Sunday night (30th) the phone call with my brother Allen, when he told us Janet (my sister) was flying out.  This same evening we'd been to Carl and Judy's for rootbeer floats, and talked it all over with these ancient, 79-year-old friends (everybody agreeing that it most likely wasn't life threatening).  Us answering Allen that a UTI was recoverable from, that Ruth (my mother-in-law) had recovered from one.  "We're with Dad not Janet," was the line, referring to Allen's report of Dad not thinking it was much while Janet was dropping everything.

circa 1966

On Monday (1st) came the morning group call with Dad and Janet (and possibly Christina and/or Allen?) from the hospital room.  When I heard the word 'service' I knew.  That was my moment of notification.  Technically she wasn't dead at that time but the conversation included the phrase "pull the plug."  It also contained the term "brain dead."  I found out later the plug was pulled at about 1:00 that day.  She must have passed right away -- I've no details here.   Death is always a mystery, no matter how smooth and appropriate and merciful and modern.

Boulder, 2014

With Ruth we know our favorite hospice worker, Carolyn O., was there holding her hand.  We have no such for Mom (Janet said they simply left before).  With Ruth we received an official notification phone call from a minor factotum:  blunt, sorrowful, embarrassed, poorly done, so ashamed and scared that I wound up comforting her;  I had it to spare then.  So this is the way of the world.  With Ruth I could be very calculating and scientific, numerically exact:  100 years 2 months 18 days.  With Mom I have not done so, although we have the dates.  With Mom the detail is that she was 89 and not 90 as the number of years would seem to indicate.  With both of them -- ah here is a Great Collusion -- we can proudly, and definitively, state:  It Was Not Covid.   I did not lose my 2 mothers to the scourge.  Neither one succumbed to Covid, which has taken millions, which is a defining fact and the world war of our times.  In each case and in unique ways of their own they both escaped.

Taken at Crested Butte, Colorado

Oh their lives were impacted, Ruth's by control of hospice workers and caregivers and Jeanne's by 3 years of house arrest.  But so were we all.  That was the framework of the world at the time.  If I can remember the Before Times -- 60 of my 63 years! -- that is my curse and my blessing.

Boulder, 2008

My mom was a piano player, and gave me the supreme gift of music and music-playing (not to mention heaps and heaps of sheet music!).  To this day I play piano and it restores my soul.  She gave me so much that I can truly say:  she is with me still.  I would like to post about her memorial service (May 10) and so much that was said about her then.  But this post is already long enough.  Perhaps it can be understood this story will be covered in waves.

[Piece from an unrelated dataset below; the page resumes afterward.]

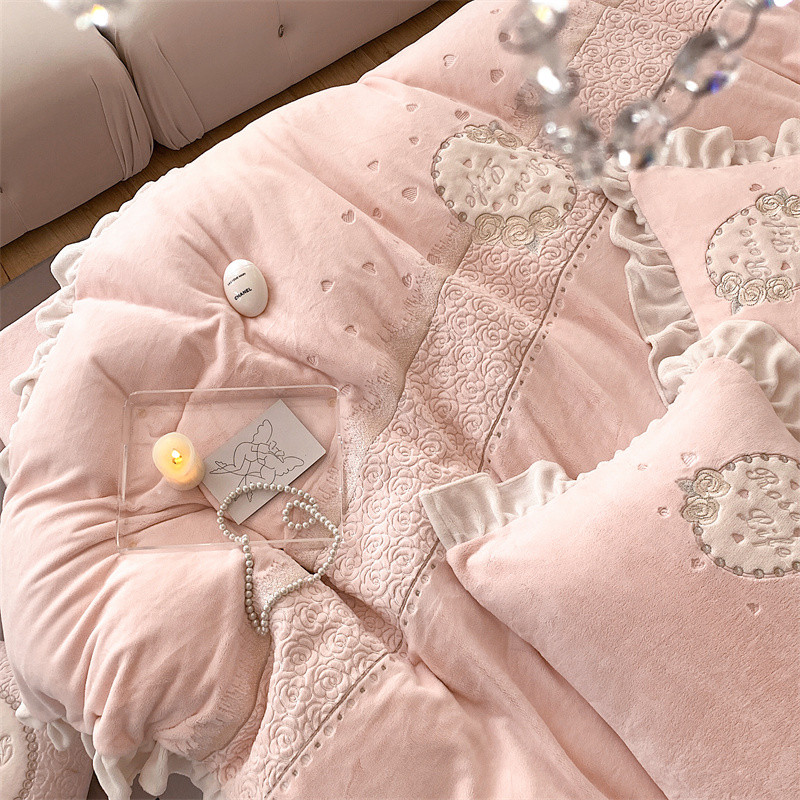 商品名称:馨蕊 2022秋冬新款轻奢煦暖绒Rose系列四件套 Rose-初夏粉
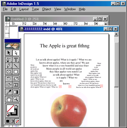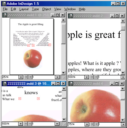 назад | содержание | вперед Работа в нескольких окнах В программе может быть открыто одновременно несколько документов. При открытии окно каждого последующего документа закрывает собой окно предыдущего. Для переключения между документами используется список в нижней части меню View. В этом списке каждая строка соответствует открытому окну. Окно, в строке которого установлен флажок, активно. Переключение активных окон осуществляется выбором одной из строк. Размеры окон документа меняются стандартным образом. При уменьшении окна под ним обнаружится окно другого открытого документа (если таковой имеется). Команды Cascade и Tile организуют просмотр всех окон одновременно (рис. 1.47). В InDesign возможен просмотр документа одновременно в нескольких окнах. Каждое из окон документа отображается строкой в списке меню View, наряду с окнами других документов. Между этими окнами также можно переключаться, менять их размеры и отображать одновременно на экране. В каждом окне выбирается свой масштаб отображения и режим просмотра (рис. 1.48).

I will end with the Irresistible Ice Cream shot.  This photo was taken by Christina Pilz, a dear family friend, who kindly did the grocery shopping for my folks during their last 2 years together while in Boulder.  Mom had been restricted from such rich foods for most of her life, so actual doctors orders to indulge and gain weight (she had gotten too skinny and would not gain) were followed with much glee.

Illicit Ice Cream
She was happy and a delight to be around up to the end.